Enfin, la ministre a insisté sur les simplifications apportées aux procédures d'aménagement de peine, précisant par exemple que le projet de loi permettait au chef d'établissement ou au directeur du SPIP de modifier les horaires d'une mesure d'aménagement de peine si cette modification est favorable au condamné en avisant immédiatement le juge de l'application des peines, qu'en cas d'urgence, une suspension de peine pour raisons médicales pourrait intervenir sur présentation du certificat du médecin traitant (alors qu'actuellement, deux expertises médicales sont exigées) et que des procédures simplifiées destinées aux condamnés en fin de peine et à ceux qui ne sont pas encore incarcérés permettraient de prononcer des mesures d'aménagement en l'absence de débat contradictoire.
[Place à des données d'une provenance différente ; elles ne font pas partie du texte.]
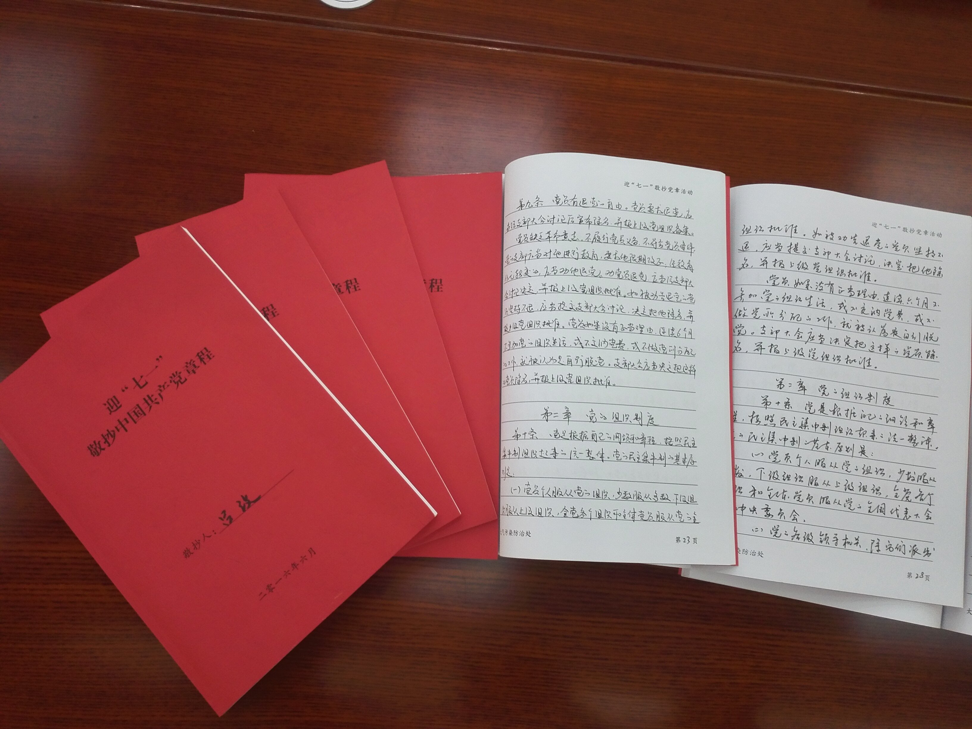 在“两学一做”学习教育中,厅全体党员积极参与“敬抄党章·‘七一’献礼”活动。在抄写

En tout état de cause, Mme Rachida Dati, garde des sceaux, ministre de la justice, a rappelé qu'à tous les stades, le condamné conservait la possibilité d'être assisté par un avocat, que des recours étaient toujours possibles quelle que soit la procédure adoptée, et qu'à tout moment, le juge de l'application des peines pouvait décider de la procédure la plus adaptée à la situation et que le parquet pouvait toujours demander la tenue d'un débat contradictoire.

En conclusion, Mme Rachida Dati, garde des sceaux, ministre de la justice, a estimé que ce projet de loi pénitentiaire ferait entrer notre système carcéral dans le XXIe siècle et qu'il constituait un rendez-vous important pour notre pays.